**Material supplied**
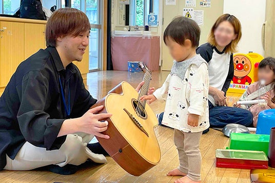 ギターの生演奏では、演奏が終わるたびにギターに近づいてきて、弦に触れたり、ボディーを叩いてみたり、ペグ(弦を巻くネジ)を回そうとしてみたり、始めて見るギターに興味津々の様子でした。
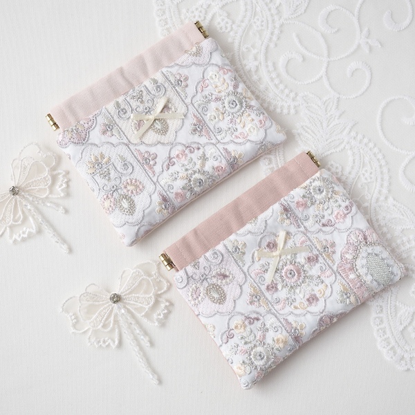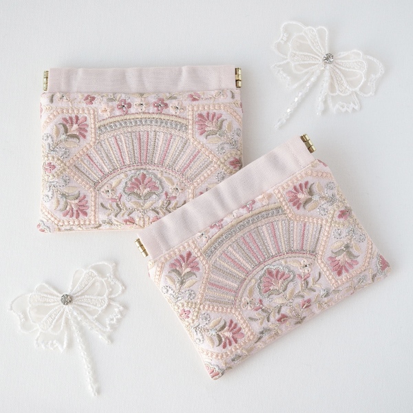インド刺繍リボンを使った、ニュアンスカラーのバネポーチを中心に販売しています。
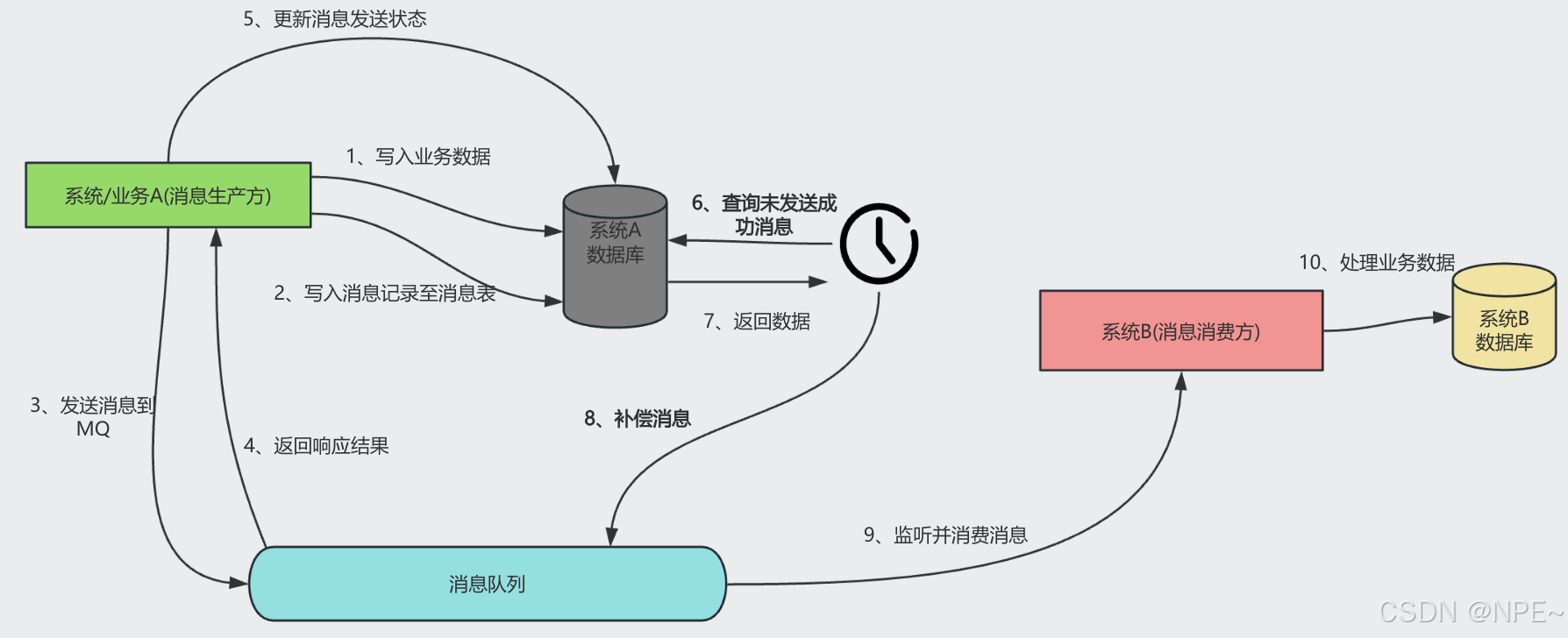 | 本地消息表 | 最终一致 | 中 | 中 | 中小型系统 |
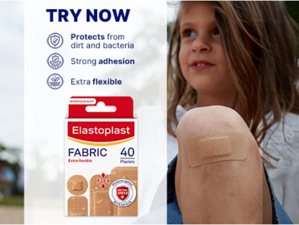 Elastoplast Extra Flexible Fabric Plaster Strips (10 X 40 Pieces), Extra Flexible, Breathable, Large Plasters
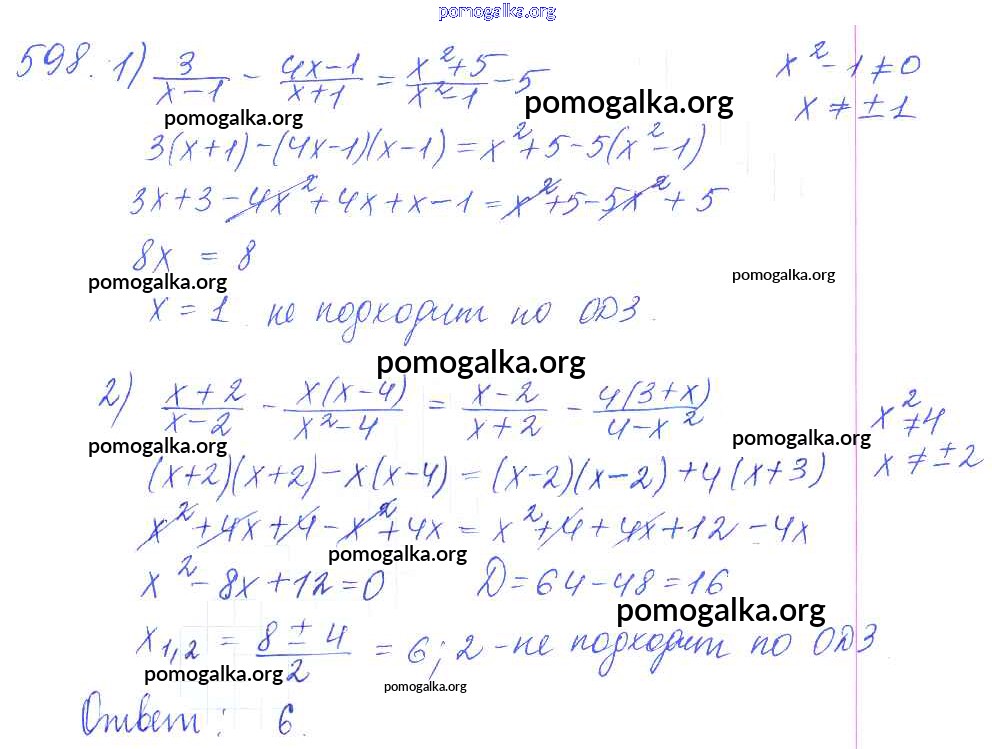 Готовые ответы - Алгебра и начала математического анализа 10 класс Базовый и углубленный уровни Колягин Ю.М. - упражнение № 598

**Work instruction**
Start with the line with "インド刺繍リボンを使った、ニュアンスカラーのバネポーチを中心に販売しています。" in the listing above and stop after the line with "Elastoplast Extra Flexible". Write out exactly the lines in that stretch and no others, without pictures.

**Solution for this task**
インド刺繍リボンを使った、ニュアンスカラーのバネポーチを中心に販売しています。
 | 本地消息表 | 最终一致 | 中 | 中 | 中小型系统 |
 Elastoplast Extra Flexible Fabric Plaster Strips (10 X 40 Pieces), Extra Flexible, Breathable, Large Plasters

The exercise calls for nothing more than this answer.